Empirical tests of these scaling models typically rely on traditional approaches that fit simple linear regressions to bivariate plots of log-transformed data for a single predicted relationship (i.e. for one particular property vs. another). The confidence intervals for key parameters (e.g. slopes) are examined to determine whether or not they contain a particular scaling model’s predicted value. This approach ignores the fact that many allometric models make predictions for a suite of interconnected relationships among multiple properties and does not allow for exploration of varying degrees of model complexity. Another issue is that classical methods for estimating the coefficients describing how a particular property of an organism scales with another property either ignore uncertainty in one of the variables (e.g. the ‘*x*-variable’) or employ relatively restrictive assumptions about variance terms when accounting for uncertainty in both variables (Warton *et al.* 2006). To address these issues, we describe a hierarchical Bayesian (HB) approach that simultaneously evaluates multiple predicted scaling relationships and explicitly accounts for uncertainty in all measured traits. This approach is applied to compare intraspecific differences in allometric relationships of plant morphology based on whole-plant and leaf datasets.

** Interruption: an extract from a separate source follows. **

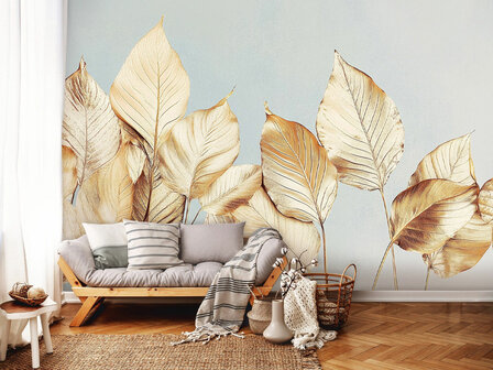 Geef de kamer een eigen stijl met dit Gouden bladeren fotobehang, leverbaar in diverse standaard maten.

The allometric models we considered can be divided into three major categories: universal, constrained, and specialized (Table 1). Universal models are derived from physical first principles and are expected to be universally applicable both within and across species. These models yield specific numerical predictions for a suite of allometric exponents, and the numerical values are assumed to be the same across all individuals and species. In constrained models, the scaling exponents may take on a wide array of numerical values, but these values are ‘constrained’ by physical design principles. That is, assumptions about biological limitations result in the scaling exponents for one allometry to be expressed as a function of the exponents describing other allometries. In contrast, specialized models are highly flexible ones that do not arise from underlying physical or biological assumptions. In these models, the allometric exponents are only constrained by simple logical (i.e. algebraic) relationships such that each species may take-on unique (or ‘specialized’) exponent values. Our objective is to compare the predictive power of different scaling models, representing different levels of complexity, while accounting for the fact that universal models inherently involve fewer free parameters than constrained models, which involve fewer free parameters than specialized models. We utilize three large allometric datasets of plant and leaf traits containing in total 2362 individuals from 110 species to evaluate the ability of the universal, constrained, and specialized models to fit observed data and to determine if the universal models satisfactorily capture observed allometric patterns.

We first define the scaling models to be compared and highlight the predictions made by each model. Next, we describe an HB approach for evaluating the predictive power of scaling models of varying complexity. We compare the performance of the different scaling models in two primary ways: (i) we compare the posterior distributions of the population-level scaling exponents to predictions from universal models, and (ii) we rigorously evaluate the ability of each scaling model to predict the observed data via model goodness-of-fit comparisons and estimates of posterior predictive loss.